The prisoner, Anthony DiRusso, then age 18, and a first time offender, pleaded guilty to armed bank robbery in February, 1975, in the District of Massachusetts. He was *674 sentenced under the Federal Youth Corrections Act, 18 U.S.C. § 5010(b). After a stay of sentence to allow him to complete his senior year of high school, he entered the Federal Correctional Institution at Ashland, Kentucky, on June 19,1975, where he eventually was given a tentative release eligibility date in strict accordance with the guidelines.

The guidelines are the result of an effort to introduce more consistency in parole decision-making, without being absolutely inflexible. They indicate ranges of time to be served before release would normally be contemplated, depending chiefly upon the severity of the offense and a “salient factor score”, which is obtained by adding up points given for certain objectively determinable characteristics of the offender and which is deemed somewhat predictive of good adjustment to society. The resulting time range may be adjusted up or down, depending upon an exceptionally good or bad record within the prison. 28 C.F.R. § 2.20(a), (b), (c). Under the guidelines, petitioner’s crime (bank robbery involving use of a weapon) bears an “offense characteristic” of “very high” severity, while his parole prognosis (or salient factor score) was “very good”. These two factors gave him a period of 20 to 27 months before he could, normally, be released. The Parole Board, as the result of a review initiated by petitioner, applying its calculus, and using the maximum end of the range, made its “Tentative Decision” to defer any further review until August, 1977, which would be in petitioner’s 27th month of incarceration.

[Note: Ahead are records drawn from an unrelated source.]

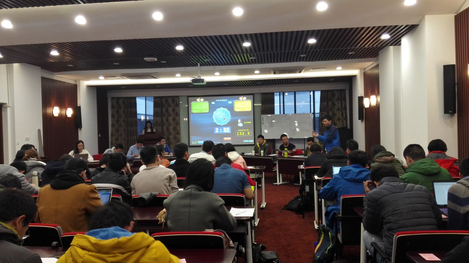 接下来,双方二辩朱泓尧、李晨阳及双方三辩徐昕哲、佘忞祎进行两轮的质询与驳论。双方斗智斗勇,妙语连珠,各有斩获。众多权威数据和资料被各位辩手信手拈来,像“北大猪肉哥”“精英教育不等于贵族教育”等言论为同学们津津乐道。辩论中,虽然反方在时间控制与辩手衔接等综合表现方面略胜一筹,但是在自由辩论环节,正方倪至涵独挑大梁,以一敌三,将整场辩论推向高潮。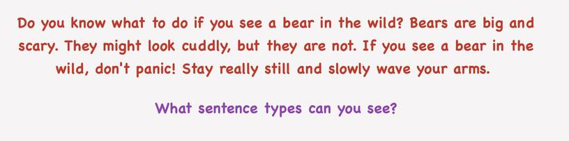 In your books, you are now going to write a short piece using the three different sentence types. You will write about a Lion.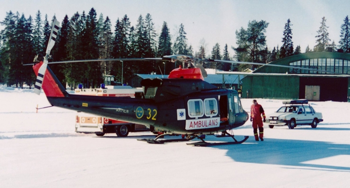 Patient transfer at the AF1 Helicopter Base in Boden. The EMS helicopter was currently based in Lycksele.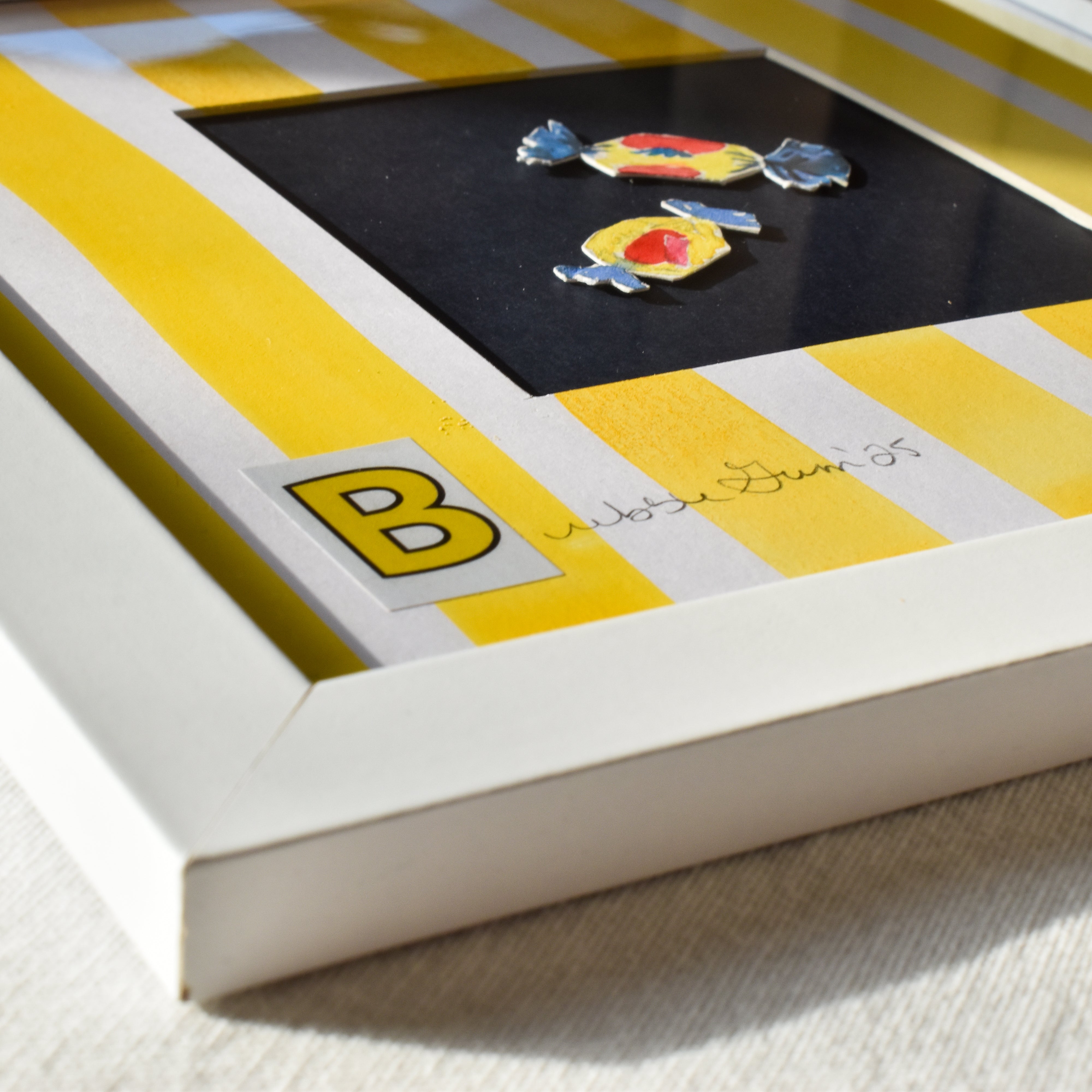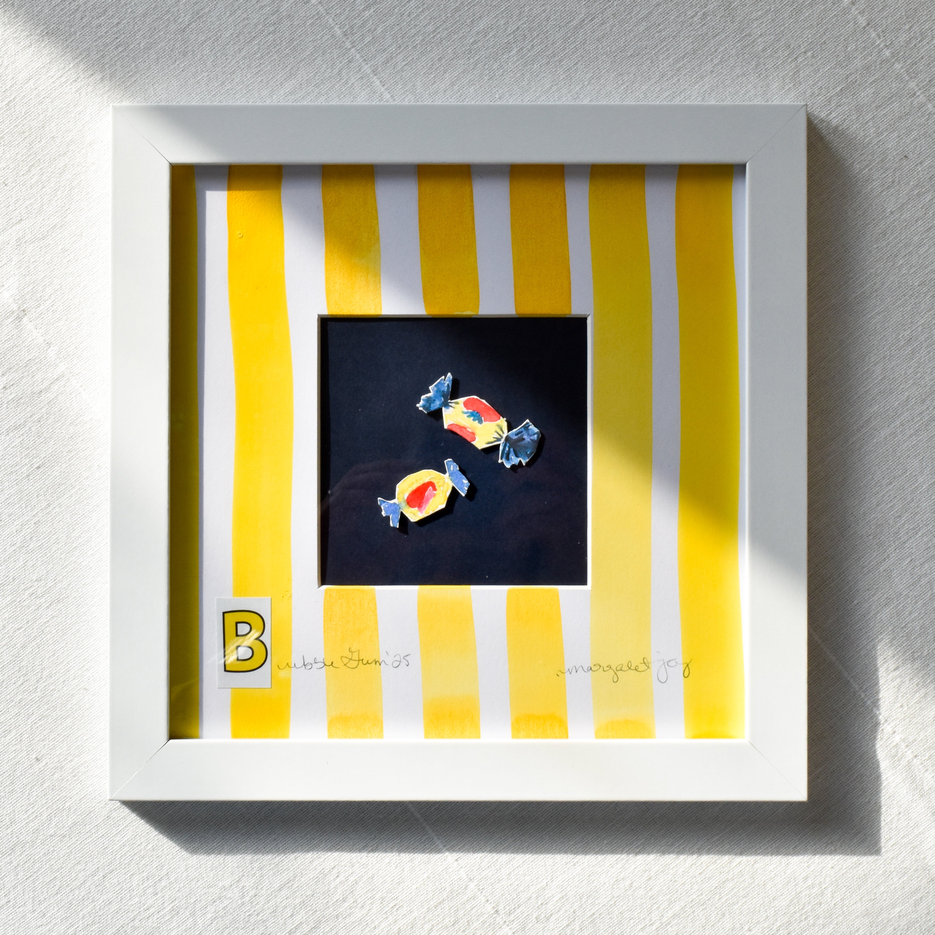 - Each original artwork comes in a white frame measuring 9" x 9".

On February 6, 1976, the prisoner filed a motion to vacate sentence under 28 U.S.C. § 2255. He alleged that he was not receiving “treatment”, as mandated by § 5010(b), and that the Parole Board’s use of its guidelines to establish an initial review date for him of August, 1977, was inconsistent with the sentencing judge’s understanding that his parole eligibility would be made on the basis of his response to treatment, rather than on deterrence factors which are built into the guidelines. (For a successful attack similarly charging the guidelines are inconsistent with the Youth Corrections Act, see Fletcher v. Levi, (D.D.C., Jan. 16, 1976), 18 Crim.L.Rep. 2241 (Feb. 18, 1976).)

The sentencing judge, to whom the § 2255 petition was addressed, found that if the prisoner’s allegations were true, relief would be appropriate. The court further indicated that it had been aware of the existence of the guidelines at sentencing, but that it had not contemplated that they could have had the alleged effect. Finding that a sentencing judge has “a responsibility to correct a sentence which was imposed under a misapprehension as to the potential impact” of the discretionary application of the guidelines, and further finding preliminarily that the facts supported the prisoner’s claims, the court released the prisoner to bail pending ultimate determination of the merits.

Section 2255, however, does not grant jurisdiction over a post-conviction claim attacking the execution, rather than the imposition or illegality of the sentence. Lee v. United States, 501 F.2d 494, 500 (8th Cir. 1974); Robinson v. United States, 474 F.2d 1085, 1091 (10th Cir. 1973); Ridenour v. United States, 446 F.2d 57 (9th Cir. 1971); Mordecai v. United States, 137 U.S.App. D.C. 198, 421 F.2d 1133 (1969); see also Soyka v. Alldredge, 481 F.2d 303 (3d Cir. 1973); McCune v. United States, 374 F.Supp. 946 (S.D.N.Y.1974). The question here is whether petitioner’s claim challenges the legality or the execution of the sentence.

The concept of illegality has been held to include not only facially illegal sentences but sentences premised upon a major misunderstanding by the sentencing judge as to the legal bounds of his authority. E. g., Thomas v. United States, 368 F.2d 941 (5th Cir. 1966) (sentence constituted penalty upon exercise of defendant’s Fifth Amendment rights); Robinson v. United States, 313 F.2d 817 (7th Cir. 1963) (sentencing judge recommended parole under 18 U.S.C. § 4208 when conviction of crimes in question rendered defendant ineligible for parole); United States v. Lewis, 392 F.2d 440 (4th Cir. 1968) (sentencing judge under mis *675 apprehension that use of § 4208(a)(2) was permissible only if maximum sentence imposed).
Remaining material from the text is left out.